OPTIONAL: Create a modulefile. Adding a modulefile will mean that your software will appear on the list when people with the right set of permissions run module avail. Here is an example of a modulefile for gdal:

#%Module1.0
## gdal 2.2.1
## by Lizzy Borden

proc ModulesHelp { } {
       puts stderr "loads the environment for gdal 2.2.1"
}

module-whatis "loads the environment for gdal 2.2.1"

set GDAL_DIR /global/home/groups/my_group/modules/gdal/2.2.1/
setenv GDAL_DIR $GDAL_DIR
prepend-path PATH $GDAL_DIR/bin
prepend-path LD_LIBRARY_PATH $GDAL_DIR/lib
prepend-path MANPATH $GDAL_DIR/man

Name the module file using the version number, in the case of the example “2.2.1”. Place the module file in the modfiles sub-directory and allow access by your group.

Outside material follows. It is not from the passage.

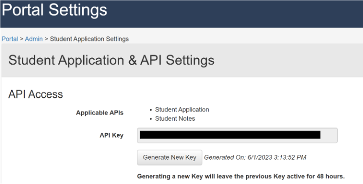 - Note: It uses the same API Key as the Student Application endpoint, which can be managed by web-admins via the following setting:

For the example:

mkdir modfiles/gdal

mv 2.2.1 modfiles/gdal

cd modfiles

chgrp -R my_group gdal

chmod -R g+rwX gdal

 

Finally, tell your group members they will need to add /global/home/groups/my_group/modfiles to their MODULEPATH environment variable, which would usually be done in one’s .bashrc file:

export MODULEPATH=$MODULEPATH:/global/home/groups/my_group/modfiles

 

Example installation scripts

These examples use tee instead of script to create log files. They also compile the software in parallel with the -j8 flag.

 

gnuplot

 

#!/bin/sh
make distclean
./configure --prefix=/global/home/groups/my_group/modules/gnuplot/4.6.0 --with-readline=gnu --with-gd=/usr 2>&1 | tee gnuplot-4.6.0.configure.log
make -j8 2>&1 | tee gnuplot-4.6.0.make.log
make check 2>&1 | tee gnuplot-4.6.0.check.log
make install 2>&1 | tee gnuplot-4.6.0.install.log
make distclean

cgal

#!/bin/sh
module load gcc/4.4.7 openmpi/1.6.5-gcc qt/4.8.0 cmake/2.8.11.2 boost/1.54.0-gcc
make distclean
cmake -DCMAKE_INSTALL_PREFIX=/global/home/groups/my_group/modules/cgal/4.4-gcc . 2>&1 | tee cgal-4.4-gcc.cmake.log
make -j8 2>&1 | tee cgal-4.4-make.log
make install 2>&1 | tee cgal-4.4-install.log
make distclean

FAQ

What if the software doesn’t come with a configure script?

If the software doesn’t come with a configure script, you will have to modify the Makefile itself to build it. Building the software can be done from any directory where you have the correct permissions. Once you have a binary, you can copy it to the correct location.